I’m trying to apply a softmax to certain indexed of a 1D vector of size (batch_size, 30)
The code is like this:
# vector of size [batch_size, 30]
# area type
a = F.sigmoid(x[:, 0])
# curvature
b = F.softmax(x[:, 1: 4], dim=1)
# facilities for bicycles
c = F.softmax(x[:, 4: 9], dim=1)
# lane width
d = F.softmax(x[:, 9: 12], dim=1)
# median type
e = F.softmax(x[:, 12: 22], dim=1)
# number of lanes
f = F.softmax(x[: , 22: 25], dim=1)
# rest
g = F.sigmoid(x[: , 25:])
print(torch.cat([a, b, c, d, e, f, g], dim=1))
Afterwards I try to concatenate or stack the vectors a to g back to one array, but it shows me this error:
---------------------------------------------------------------------------
RuntimeError Traceback (most recent call last)
<ipython-input-56-956fcd57bc35> in <module>()
1 model.cpu()
----> 2 model(x[:5].cpu())
~/anaconda3/envs/pytorch_p36/lib/python3.6/site-packages/torch/nn/modules/module.py in __call__(self, *input, **kwargs)
323 for hook in self._forward_pre_hooks.values():
324 hook(self, input)
--> 325 result = self.forward(*input, **kwargs)
326 for hook in self._forward_hooks.values():
327 hook_result = hook(self, input, result)

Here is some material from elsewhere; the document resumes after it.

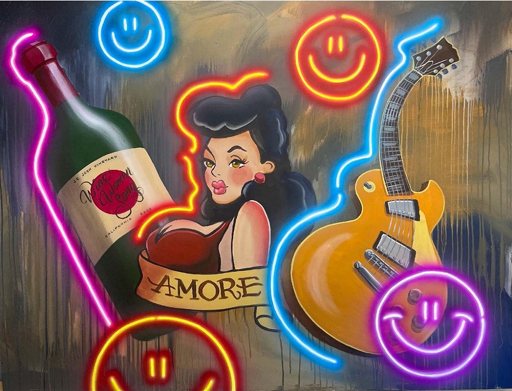 In Las Vegas, Ziggy has found his home in the city’s thriving downtown Arts District. He’s influenced by all things Vegas—street art, murals, architecture, and the glow of the city’s vintage neon signs—and those characteristics both inform and inspire his singular artistic vision. The other inspirations for his imagery can be found in his love of music, guitars, movies, and pop culture.

<ipython-input-55-3e40b2ee85c5> in forward(self, x)
36 g = F.sigmoid(x[: , 25:])
37
---> 38 print(torch.cat([a, b, c, d, e, f, g], dim=1))
39 #return torch.cat((a, b, c, d, e, f, g), dim=1)
40
RuntimeError: dimension out of range (expected to be in range of [-1, 0], but got 1)
Changing the dim
to 0 or -1 doesn’t work. It works if y try the concatenation on a batch of 1.